State Governments and Retrofitment Guidelines

Several state governments, including Delhi, Tamil Nadu, and Andhra Pradesh, have introduced retrofitment guidelines to provide a framework for the industry’s operations. Such guidelines offer support to start-ups offering retrofitment kits and enable vehicle owners to convert their ICE vehicles into EVs instead of scrapping them.

Challenges Associated with E-Retrofitment

  • Cost: The 18% goods and services tax levied on auto components makes retrofitment a costly and economically unviable option compared to purchasing a new EV.
  • Technical Challenges: Retrofitting vehicles requires overcoming various engineering challenges. Sizing the battery and motor appropriately and ensuring the mechanical coupling of the motor with the existing vehicle transmission system are crucial considerations. The Automotive Industry Standards 123 (AIS 123) of India recommend a weight difference of around 10% between the original and retrofitted vehicles to ensure optimal performance.
  • High Investment: Converting a petrol or diesel car into an EV through retrofitment involves a significant financial investment. On average, the cost could amount to approximately Rs 4 lakh. However, one impediment to the conversion process is the unavailability of tailored loan options, as high lending rates make the investment financially unviable for vehicle owners.

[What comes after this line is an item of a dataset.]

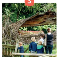
Het Patersbos en Kapucijnenklooster
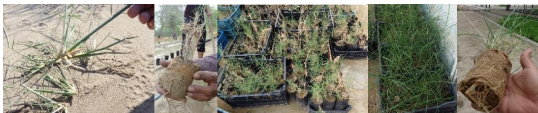
شکل ۲. تولید نهال گلدانی به روش قلمه. از راست به چپ: ۱) گونه Sporobolus arabicus

بذرهای و استولن‌های جمع‌آوری شده در گلدان‌های پلاستیکی به قطر 20 سانتی‌متر که با ماسه‌های منتقل شده از نزدیک‌ترین روی‌شگاه گونه‌ها پر شد، کاشته شد. استولون‌ها به قطعات جداگانه‌ای تقسیم شد به نحوی که هر استولون در بر گیرنده یک گره به همراه حداقل دو سانتی‌متر از دو انتهای گره بود. تولید نهال گلدانی از بذر با 3 تیمار شاهد، خیس‌سازدن در آب گرم (دمای 20^{\circ}\text{C} ) و اسید جیبرلیک 1000 پی پی ام به مدت 12 ساعت در دمای 20^{\circ}\text{C} انجام گرفت. تعداد نمونه‌ها، 21 نمونه از هر تیمار با سه تکرار بود. همچنین زمان آماربرداری نهایی، یک‌ماه پس از تولید نهال در نظر گرفته شد که در طی آن رویش بذر و زنده‌مانی و رویش قلمه‌ها به عنوان شاخص‌های گیاهی مورد ارزیابی قرار گرفتند. آزمون آماری به صورت فاکتوریل در قالب طرح کاملاً تصادفی در 3 تکرار، هر تکرار 21 نمونه (شکل شماره ۲ و

One of the advantages of retrofitting existing ICE vehicles is the extension of their useful lifespan by 5-7 years. This approach helps vehicles avoid falling under the scrappage policy, leading to reduced waste and environmental impact. Retrofitting presents an opportunity to make existing vehicles more sustainable and contribute to the country’s emission reduction goals.

Successful Retrofitment Example: Delhi’s Transition to CNG Vehicles

Delhi’s successful transition to compressed natural gas (CNG) vehicles serves as a noteworthy example of retrofitment. This shift not only reduced harmful PM2.5 emissions but also demonstrated the potential of retrofitting to contribute positively to the country’s vehicle electrification process.